Defendants moved to dismiss both cases.  Though their motion was made under Rule 4:6-2(e), seeking dismissal for failure to state a claim, defendants submitted a certification from the Warden and other evidence that went beyond the complaint.  Plaintiff responded with her own certification.  The Law Division entered an order dismissing the first case described above (which was actually the second of the two cases filed), “with prejudice, in accordance with Rule 4:6-2(e), or, in the alternative, that summary judgment be granted to [CCCF], in accordance with Rule 4:46, dismissing the complaint.”  A different judge subsequently dismissed the other complaint based on the entire controversy doctrine.  Plaintiff appealed both dismissals, but the Appellate Division affirmed.

Judge Gibbons Whipple noted that since the Law Division judge who acted first had relied on materials beyond the complaint, his decision was a grant of summary judgment.  There was nothing improper about going beyond the complaint.

Under the LAD, Judge Gibbons Whipple observed, employers cannot require employees to violate “sincerely held religious practice or religious observance.”  There is an exception, however, where the employer, after making a “bona fide effort” to accommodate the employee’s beliefs, cannot do so due to “undue hardship on the conduct of the employer’s business.”  An “undue hardship” is defined as one “requiring unreasonable expense or difficulty, unreasonable interference with the safe or efficient operation of the workplace or the violation of a bona fide seniority system or a violation of any provision of a bona fide collective bargaining agreement.”

Plaintiff met her initial burden of showing a since religious belief.  But defendants countered that with legitimate, non-discriminatory “concerns for the safety, security and neutrality of CCCF,” which showed undue hardship.  The safety risks included “the ability to hide contraband in head coverings.”  Plaintiff did not overcome defendants’ showing of undue hardship.  There was no prior New Jersey case on point, but Judge Gibbons Whipple found two federal court decisions on comparable facts to be persuasive.  The panel then easily affirmed the dismissal of the other case on entire controversy grounds, since plaintiff “should have raised all of her claims, including the allegation that other women had previously been allowed to wear head coverings, in one action.”

At least since Goldman v. Weinberger, 475 U.S. 503 (1986), a constitutional law decision that upheld a military policy that banned the wearing of yarmulkes, it has been difficult for some of us to understand what the problem is with allowing at least some religiously-mandated apparel to be worn.  (The regulation at issue in Goldman was later overtaken by legislation that permitted the wearing of items of religious apparel while in uniform).

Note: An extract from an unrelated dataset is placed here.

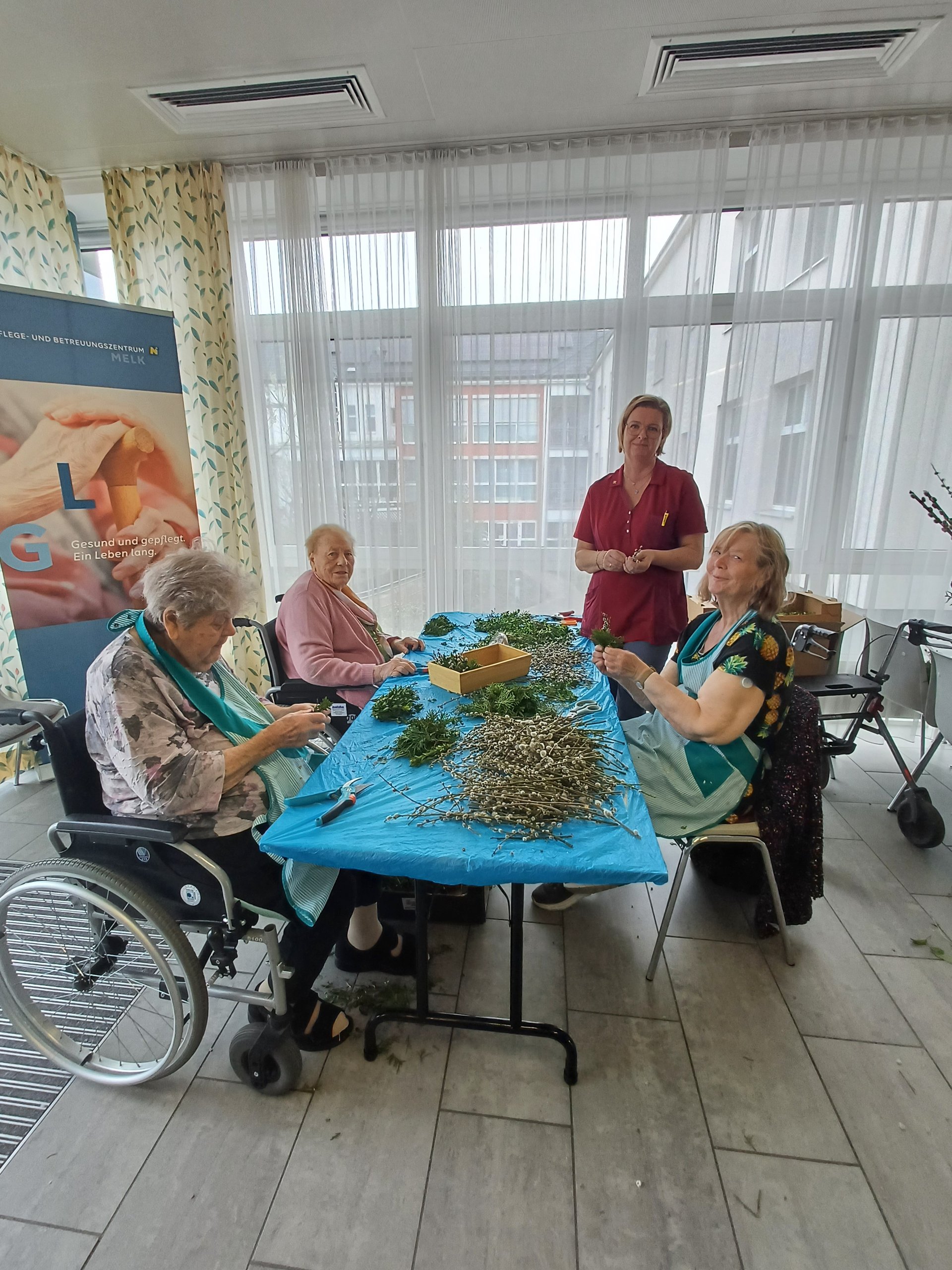 Auch wir binden mit den BewohnerInnen jedes Jahr Palmbuschen. Heuer wurden es 115 große und ca. 100 kleine für die Zimmer der BewohnerInnen.

Here, certain hats were permitted by applicable regulation.  Those hats were not to be “crushed down,” so that, in theory, there was room beneath them for contraband.  In contrast, the “tight fitting” khimar at issue here left less, if any, room for contraband.  Nonetheless, courts have given great deference to prison authorities in this and related areas, such as beards for inmates, especially when concerns about contraband are raised, despite the occasional exception.  Today’s decision is just the latest of that kind.